Particularly in the modern era, science fictional narratives form an important channel for the communication of climate science, but is this itself a problem?
As many have noted, even release of all known ice reserves due to climate change (of whatever origin) will lead to sea level rises of less than 50m, far short of drowning tall buildings, let alone mountaintops. In most cases the authors have shown that they were well aware of this. On the other hand, such exaggeration makes a serious point: even the few metres of sea-level rise that are expected due to climate change may well be enough to render low lying areas (including major cities) uninhabitable. Exaggerating the visual impact does not change the ultimate result, but might risk the more sceptical using the exaggeration as an argument against action. If the situation won’t be as bad as the films show, and the worst outcomes can be described (with some validity) as science fictions, there is a chance that some might be encouraged towards inaction rather than making difficult changes in lifestyle.

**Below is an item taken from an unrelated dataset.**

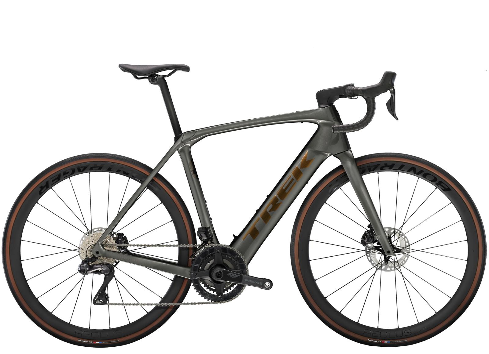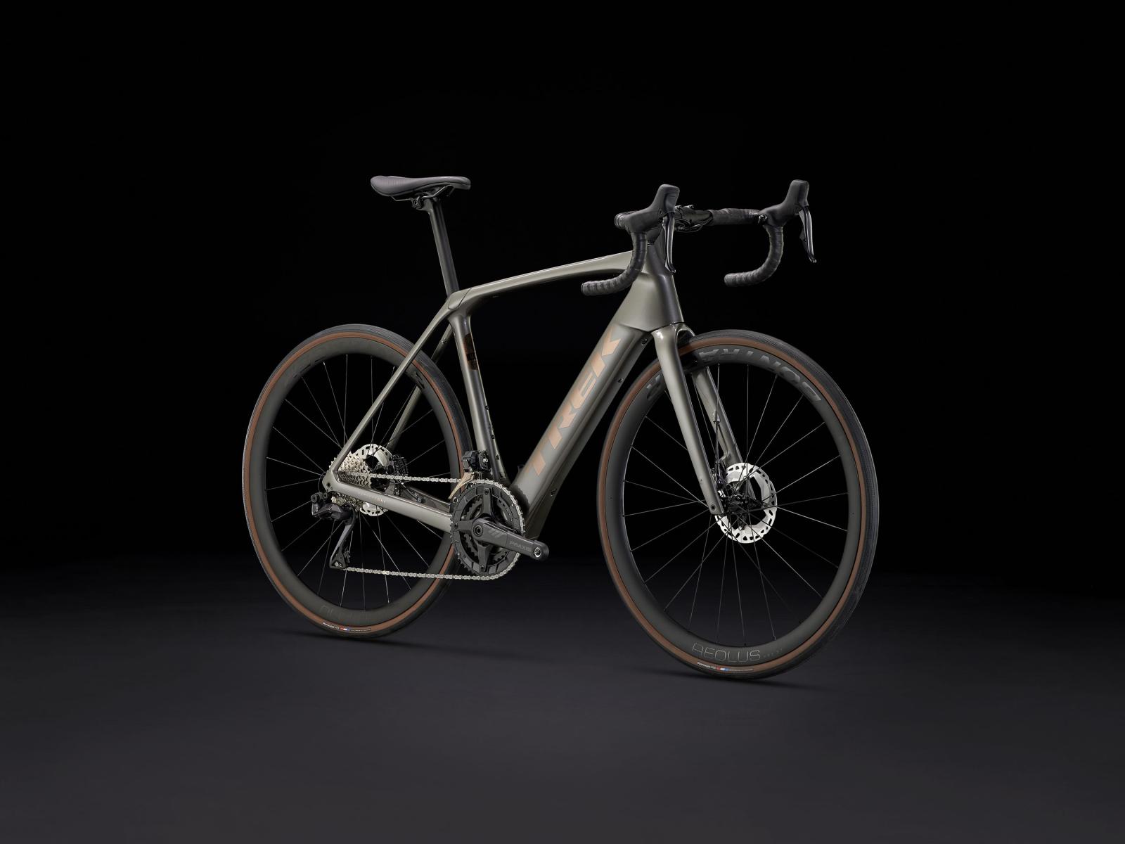 Einen äußerst leichten Rahmen aus 800 Series OCLV Carbon mit hinterem IsoSpeed. Einen kraftvollen Harmonic Pinring-Motor von TQ mit einem Drehmoment von 50 Nm, der dich bis zu einer Geschwindigkeit von 25 km/h unterstützt, einen 360 Wh großen integrierten Akku, ein in den Rahmen integriertes, smartes LED-Display und diskret in die Bremsgriffgummis verbaute Bedienelemente für das Umschalten der Unterstützungsmodi. Aeolus Pro 37-Laufräder aus OCLV Carbon, eine drahtlose, elektronische Shimano Ultegra Di2 2x12-Schaltung, eine Carbonkurbelgarnitur, ein vibrationsdämpfender Bontrager Pro IsoCore-Lenker und ein RCS Pro-Vorbau mit voll

Climate-oriented science fiction (or cli-fi) is a growing subgenre. The terrifyingly dramatic temperature extremes recorded across the planet over the last year, and the increasing frequency of extreme weather events, suggest that such fiction will only become more common… and ever closer to reality. Already, around the world, cities are working on their flood defences and governments are acting to try to limit sea-level rise.
Whether any of these efforts meet with success, or whether the fiction of drowned cities fulfils its prophetic potential, remains to be seen.

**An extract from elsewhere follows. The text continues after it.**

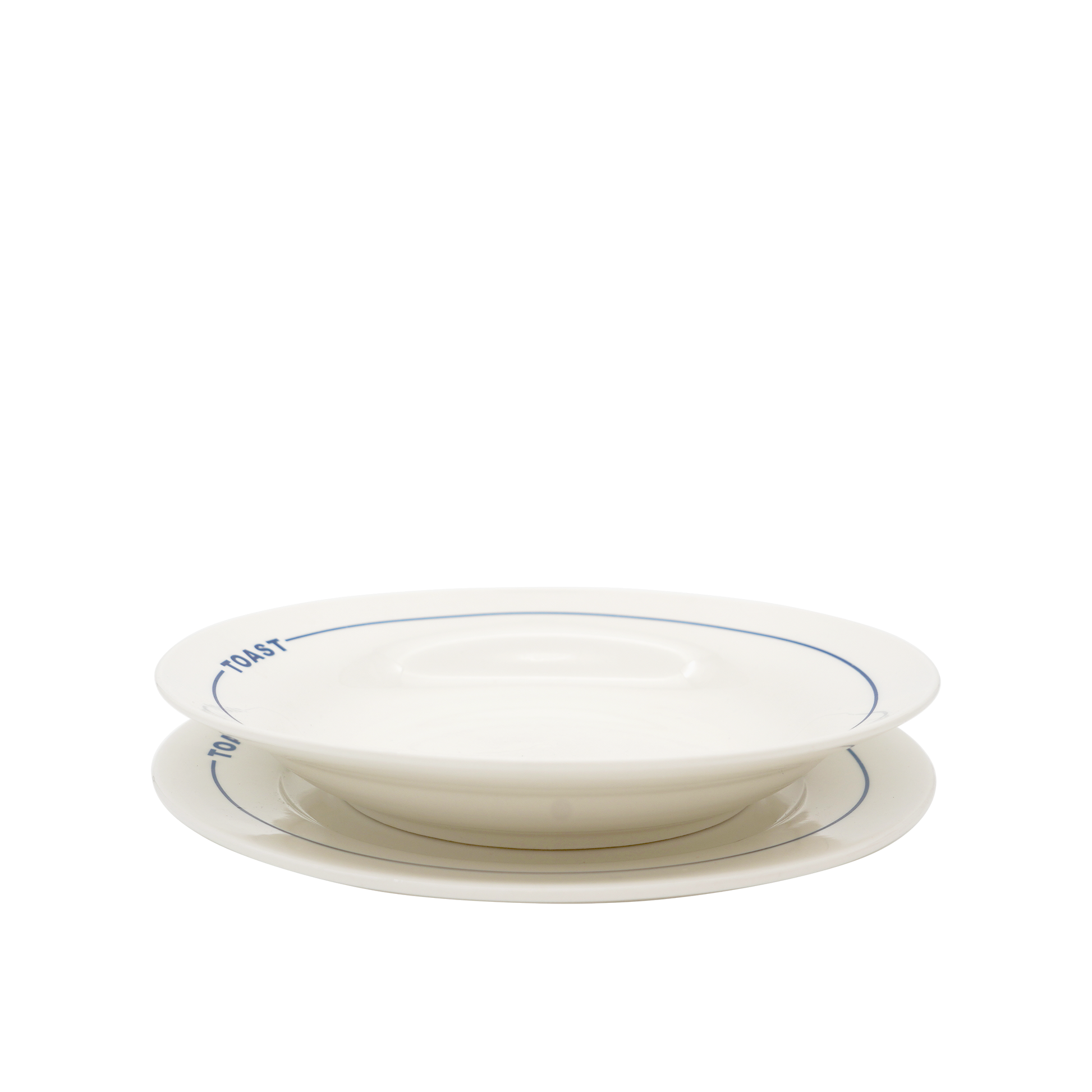 This porcelain plate is an exceptional showcase of innovative minimalist design and traditional crafting methods. It features with an ivory colour background a blue bands around the edge, which is suitable for most tabletop environments.

“Water, Water, Everywhere”, Elizabeth Stanway, Cosmic Stories blog. 22nd September 2024.
Notes:
[1] I’m going to avoid discussing other water worlds here - stories set on our own planet give us more than enough to think about! As always, I’m not claiming to be particularly comprehensive either - there are many more examples than I can mention here. [Return to text]
[2] In fairness, Ballard was writing in the 1960s, when inconsistencies between models and observations of the Sun caused confusion and a fear that the Sun might be entering an unstable period. [Return to text]
All views and opinions expressed are those of the author and do not necessarily reflect those of the University of Warwick. Images are sourced online and used here for commentary and criticism.
The title of this blog entry and the following one are drawn from The Rime of the Ancient Mariner by Samuel Taylor Coleridge (1798):
Water, water, every where, And all the boards did shrink;
Water, water, every where, Nor any drop to drink.